FlashMLA
FlashMLA: Efficient Multi-head Latent Attention Kernels
Highly optimized GPU attention kernels from DeepSeek that accelerate the most expensive part of running large language models, targeting NVIDIA H800 and B200 hardware specifically.
FlashMLA is a collection of highly optimized low-level computation routines released by DeepSeek, the company behind the DeepSeek-V3 series of AI models. These routines handle a specific operation called attention, which is one of the most computationally expensive parts of running or training large language models. The library is written to extract maximum performance from specific NVIDIA GPU hardware.

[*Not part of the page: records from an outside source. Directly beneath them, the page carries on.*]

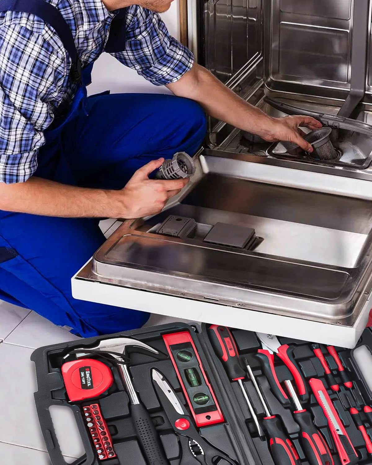 [Toolbox Included] - Assortment of necessary tools are in one tool chest, durable plastic case with internal molded compartments to keep each component protected and easily accessible. All tools meet or exceed ANSI standard.
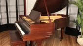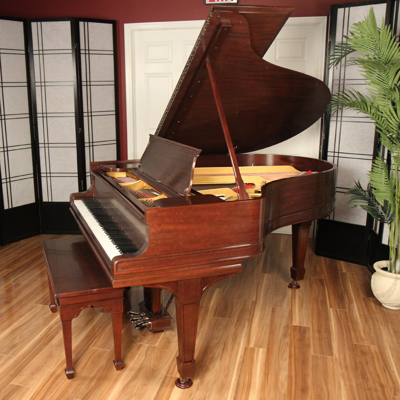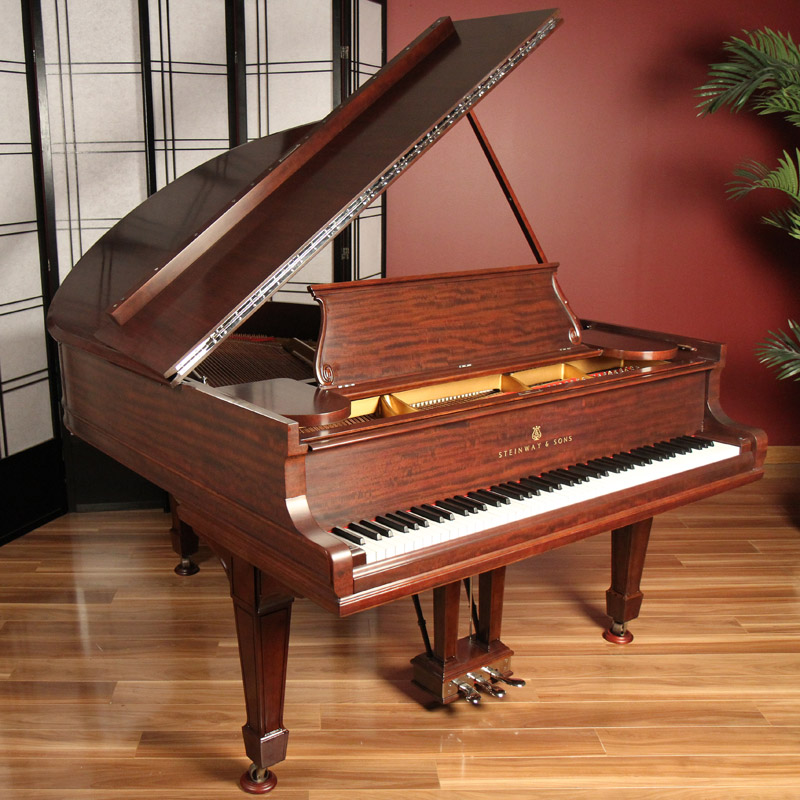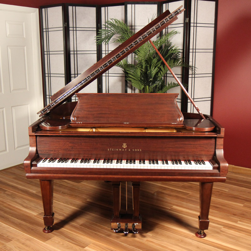 This Steinway O is currently in unrestored condition. It has a beautiful African Mahogany veneer, a set of ivory keys and a matching bench.
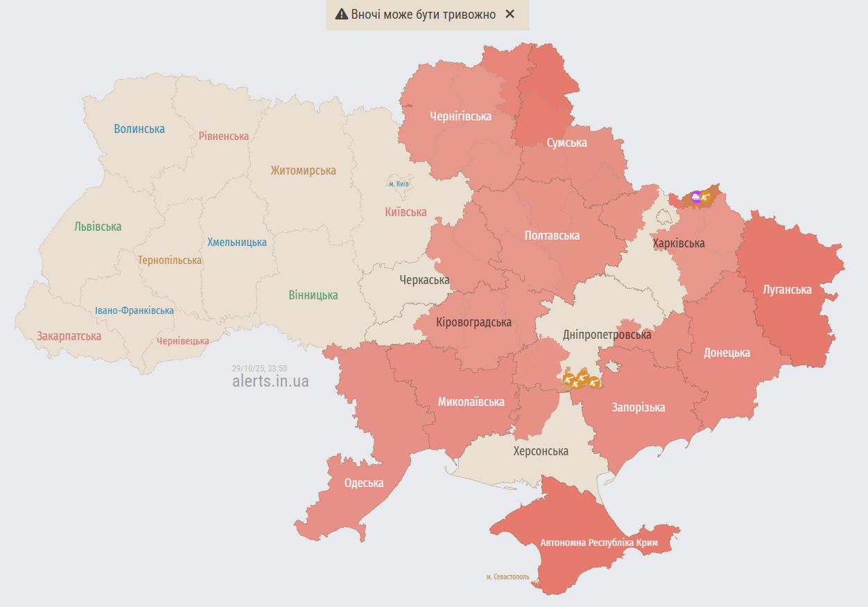 01:00 Близько 40 ворожих дронів у повітряному просторі України. Повітряну тривогу оголошували в Києві. Стратегічна авіація поки що неактивна, як і залишки російського флоту — попри попередження про можливу ракетну атаку вночі.
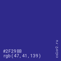 Цвет #2F298B в цветовой модели RGB обозначается тремя октетами (47, 41, 139) в десятичном формате и #2F298B в шестнадцатиричном (hex) формате, которые являются интенсивностью красного 47 (hex 2F), интенсивность зелёного 41 (hex 29) и интенсивность синего 139 (hex 8B).
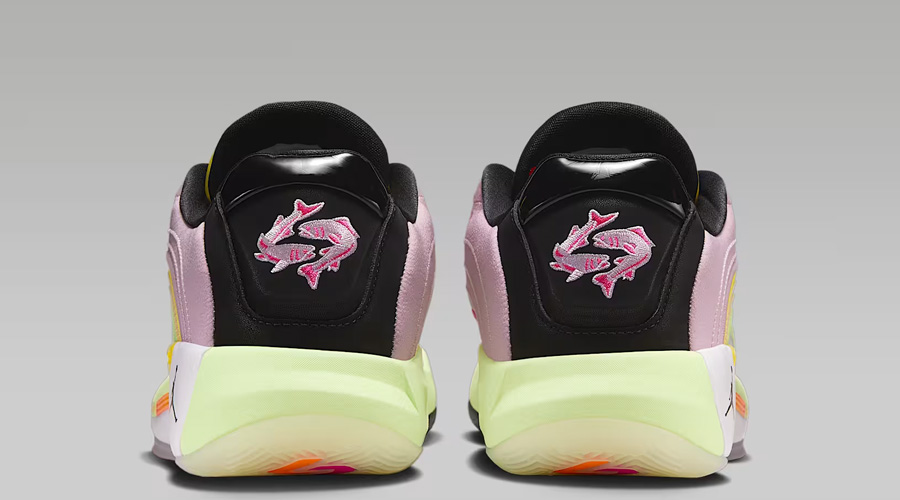A standout detail sits at the heel, where Luka’s signature logo is transformed into a pair of embroidered fish, swimming nose-to-nose. It’s a subtle nod to his downtime and a clever spin on his personal branding. There’s also a translucent outsole underfoot, complete with fishing lure graphics and bright hits of volt and orange that tie the whole concept together.

The library provides two broad categories of attention computation. Dense attention processes every token in a sequence, while sparse attention selectively processes only the most relevant tokens, reducing computation without sacrificing much accuracy. Both categories include variants optimized for the two main phases of AI model inference: the prefill phase, which processes the initial input prompt, and the decoding phase, which generates output tokens one at a time.

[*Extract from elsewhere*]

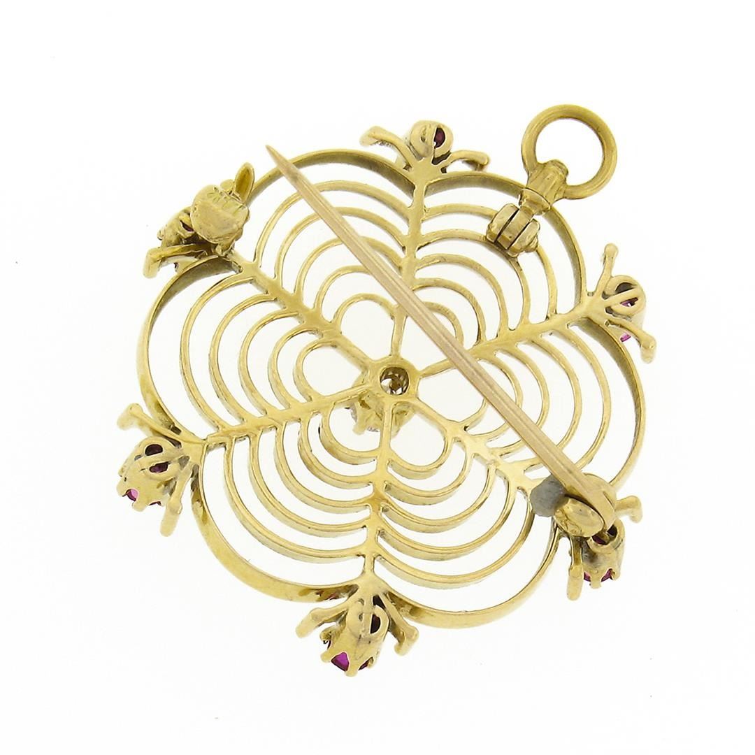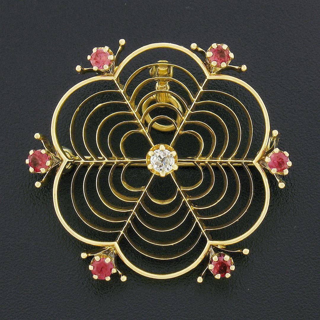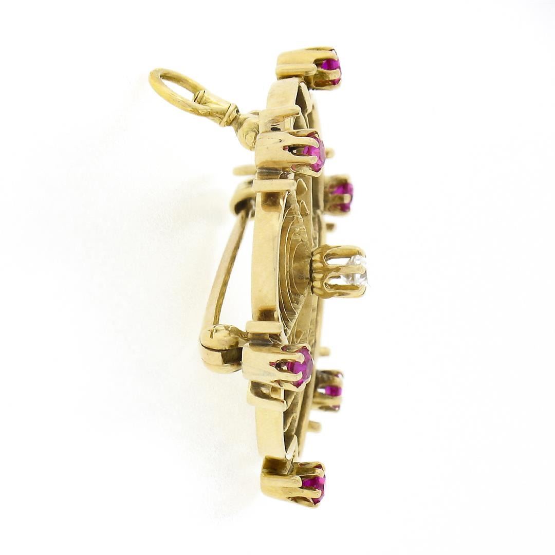An antique solid 14k yellow gold pin brooch pendant, with 6 round brilliant cut red stones (2.35mm each), and 1 old mine cut natural diamond (H - VS2 ; 0.10ct). Measures 31.80x33.15mm and weighs a total of 5.59 grams.
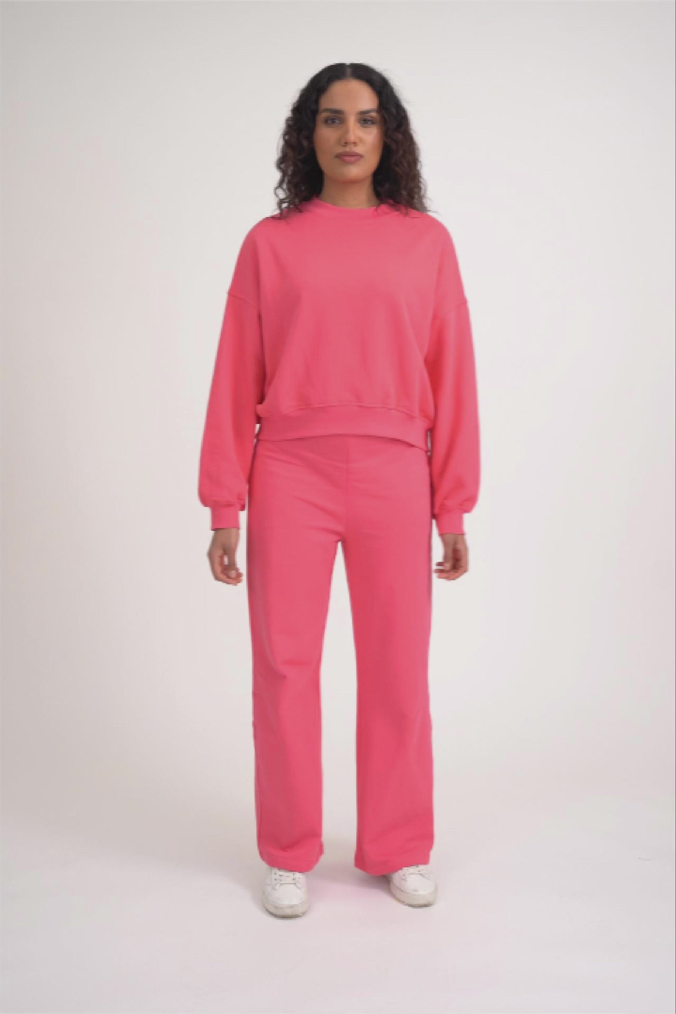 A feeling of softness and freshness for your most dynamic days. This tracksuit, combined with the crewneck sweatshirt, accompanies you comfortably throughout the day. The details of the elastic waistband give the model a stylish line.

FlashMLA is intended for AI researchers and engineers who are running or building large language model inference systems, particularly those working with DeepSeek models. It is not a general-purpose library and requires specific high-end NVIDIA GPUs (the H800 or B200 class) along with recent versions of CUDA and PyTorch. The performance numbers cited in the documentation are measured in teraflops, a unit describing hundreds of trillions of calculations per second, which gives a sense of how specialized this code is.

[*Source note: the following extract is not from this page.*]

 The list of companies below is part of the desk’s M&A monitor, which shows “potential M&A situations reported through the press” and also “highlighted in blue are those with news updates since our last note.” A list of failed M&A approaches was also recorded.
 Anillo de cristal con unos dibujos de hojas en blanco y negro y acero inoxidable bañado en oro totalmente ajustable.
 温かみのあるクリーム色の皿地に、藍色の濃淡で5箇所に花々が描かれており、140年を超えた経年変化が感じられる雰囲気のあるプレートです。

Installation involves cloning the repository and running a standard Python package install command. Usage requires calling a small set of Python-facing functions that wrap the underlying GPU kernels. The full README is longer than what was shown.
Where it fits
- Speed up large language model inference by replacing standard attention with FlashMLA's hardware-optimized GPU kernels.
- Build a high-throughput DeepSeek-V3 inference pipeline using separate prefill and decode phase attention routines.
- Benchmark attention operation throughput in teraflops on H800 or B200 GPUs to compare against baseline implementations.
- Reduce per-token latency during the decode phase of LLM inference using sparse attention to skip less relevant tokens.